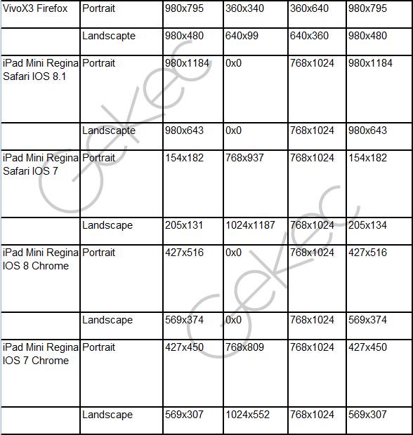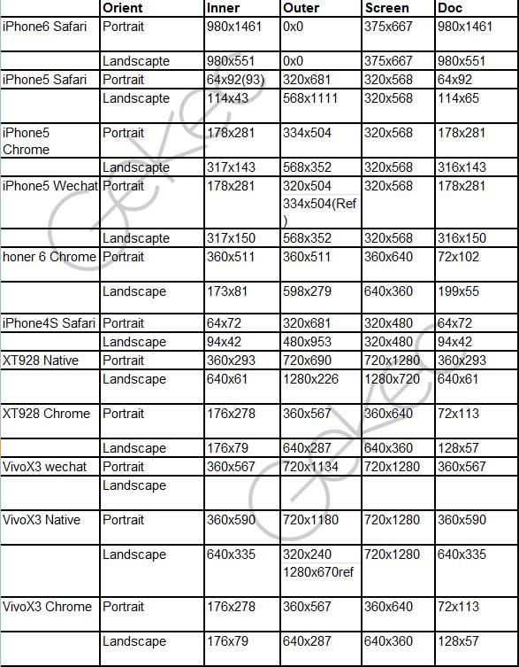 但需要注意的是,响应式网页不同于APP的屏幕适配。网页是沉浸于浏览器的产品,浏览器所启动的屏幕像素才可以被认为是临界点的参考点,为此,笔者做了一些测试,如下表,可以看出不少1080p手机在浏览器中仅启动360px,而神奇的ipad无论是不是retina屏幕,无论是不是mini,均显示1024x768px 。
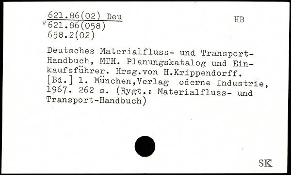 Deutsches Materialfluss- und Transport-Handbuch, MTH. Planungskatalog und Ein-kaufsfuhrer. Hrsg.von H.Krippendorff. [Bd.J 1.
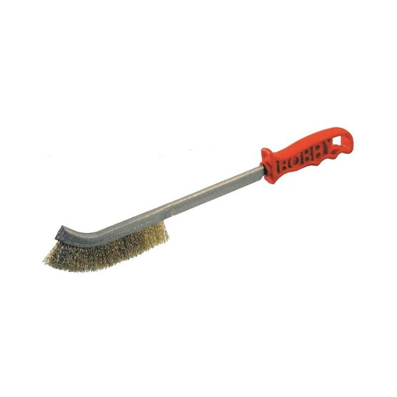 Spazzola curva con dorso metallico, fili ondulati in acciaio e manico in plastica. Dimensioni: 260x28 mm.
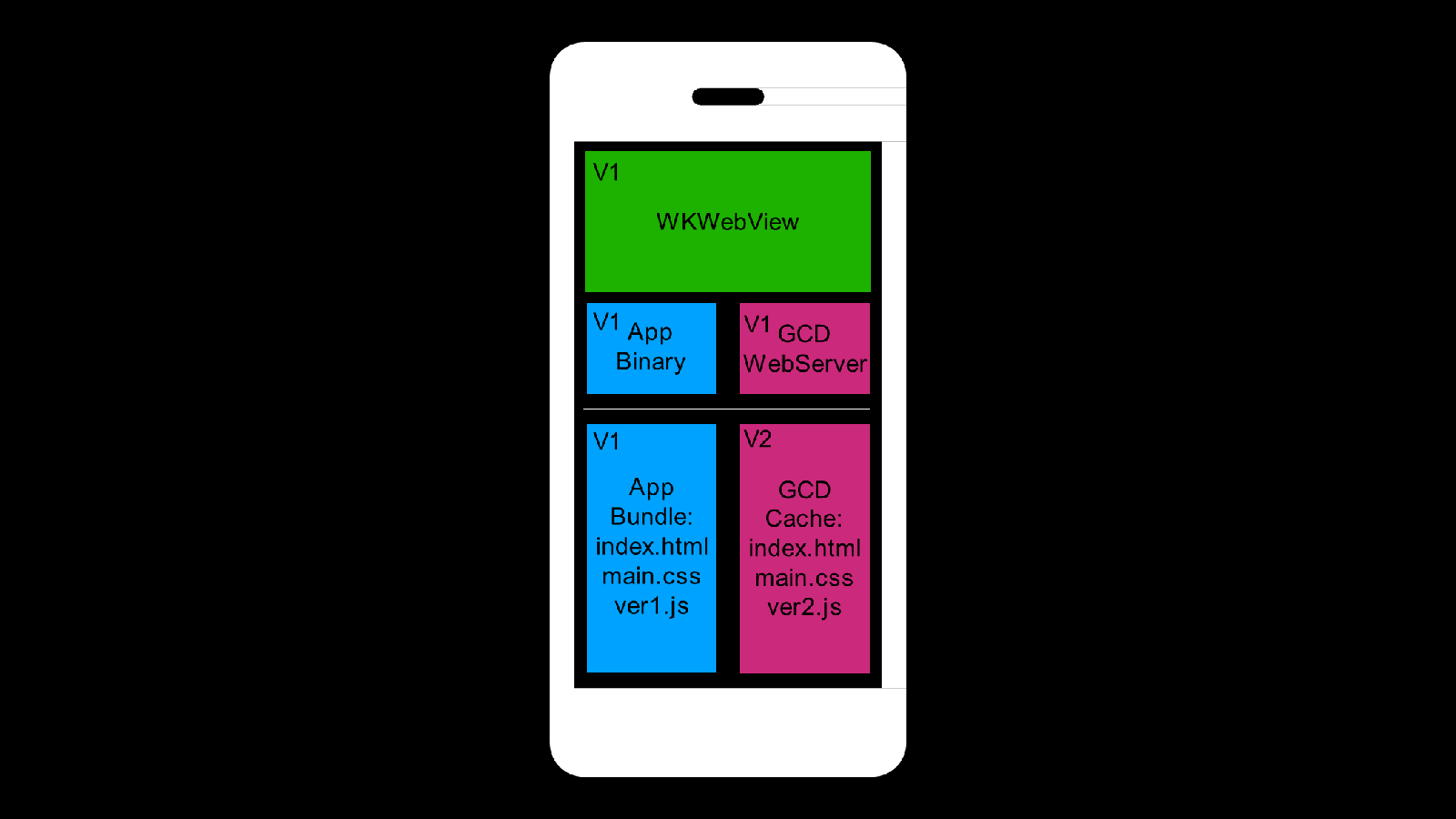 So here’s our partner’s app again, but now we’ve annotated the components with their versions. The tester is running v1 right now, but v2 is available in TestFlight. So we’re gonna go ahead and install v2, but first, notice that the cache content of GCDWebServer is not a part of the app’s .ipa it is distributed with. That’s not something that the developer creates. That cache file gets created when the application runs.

■ What the task asks: If a picture falls within the span, leave it out, and reproduce exactly the lines from the one containing "Deutsches Materialfluss- und" through the end of the material, and no others.

■ Response:
 Deutsches Materialfluss- und Transport-Handbuch, MTH. Planungskatalog und Ein-kaufsfuhrer. Hrsg.von H.Krippendorff. [Bd.J 1.
 Spazzola curva con dorso metallico, fili ondulati in acciaio e manico in plastica. Dimensioni: 260x28 mm.
 So here’s our partner’s app again, but now we’ve annotated the components with their versions. The tester is running v1 right now, but v2 is available in TestFlight. So we’re gonna go ahead and install v2, but first, notice that the cache content of GCDWebServer is not a part of the app’s .ipa it is distributed with. That’s not something that the developer creates. That cache file gets created when the application runs.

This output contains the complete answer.